The AFSC and other Quaker bodies continue to support peace and humanitarian work around the world.


Qumran   Site of the caves where the Dead Sea Scrolls were discovered in 1947,  just northwest of the Dead Sea in the West Bank.

Excavations less than a mile from the sea have revealed the ruins of buildings believed by some scholars to have been occupied by Essenes, the probable authors of the scrolls. The buildings include a scriptorium, a potter's workshop, and a flour mill; water was supplied through an aqueduct. The Essenes are thought to have founded a monastic community at Qumran in the mid-2nd century BC. They temporarily abandoned the settlement after an earthquake and fire in 31 BC but later returned and lived there until Roman legions destroyed the community in AD 68.


Quran
Qur'an  (Arabic: al-qur'an, literally "the recitation"; also sometimes transliterated as Quran, Qur'an, Koran, Alcoran or Al-Qur'an)

The holy book of Islam, the Qur'an

The Qur'an is the central religious text of Islam. Muslims believe the Qur'an to be the book of divine guidance and direction for mankind, and consider the original Arabic text to be the final revelation of God.

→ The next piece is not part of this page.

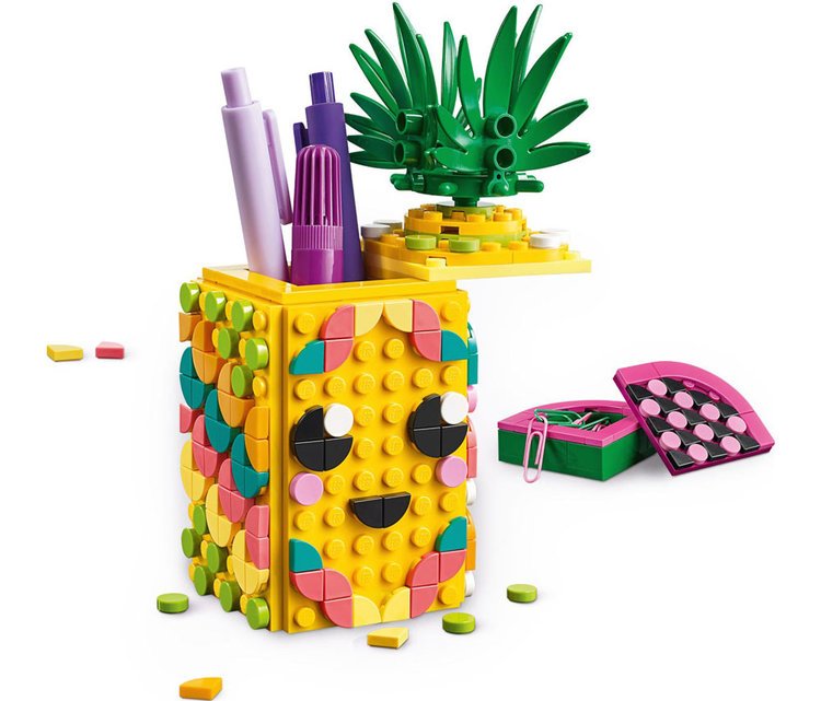 Вдохновите своего ребёнка на создание новых творческих проектов с помощью этого очаровательного декоративного органайзера для рабочего стола LEGO® DOTS™ (41906), включающего в себя высокую подставку для карандашей "Ананас" и маленькую коробочку для хранения канцелярских принадлежностей, выполненную в форме дольки арбуза. Игры начнутся, как только вы достанете набор из коробки!

Islam holds that the Qur'an was revealed to Muhammad by the angel Jibril (Gabriel) from 610 AD to his death in 632 AD. The Qur'an was written down by Muhammad's companions while he was alive, although the prime method of transmission was oral. In 633 AD, the written text was compiled, and in 653 AD it was standardized, distributed in the Islamic empire and produced in large numbers. The present form of the Qur'an is regarded as God's revelation to Muhammad by academic scholars, and the search for significant variants in Western academia has been unsuccessful.

Muslims regard the Qur'an as the culmination of a series of divine messages that started with those revealed to Adam, regarded in Islam as the first prophet, and continued with the Suhuf Ibrahim (Scrolls of Abraham), the Tawrat (Torah), the Zabur (Psalms), and the Injeel (Gospel). The aforementioned books are not explicitly included in the Qur'an, but are recognized therein. The Qur'an also refers to many events from Jewish and Christian scriptures, some of which are retold in comparatively distinctive ways from the Bible and the Torah, while obliquely referring to other events described explicitly in those texts.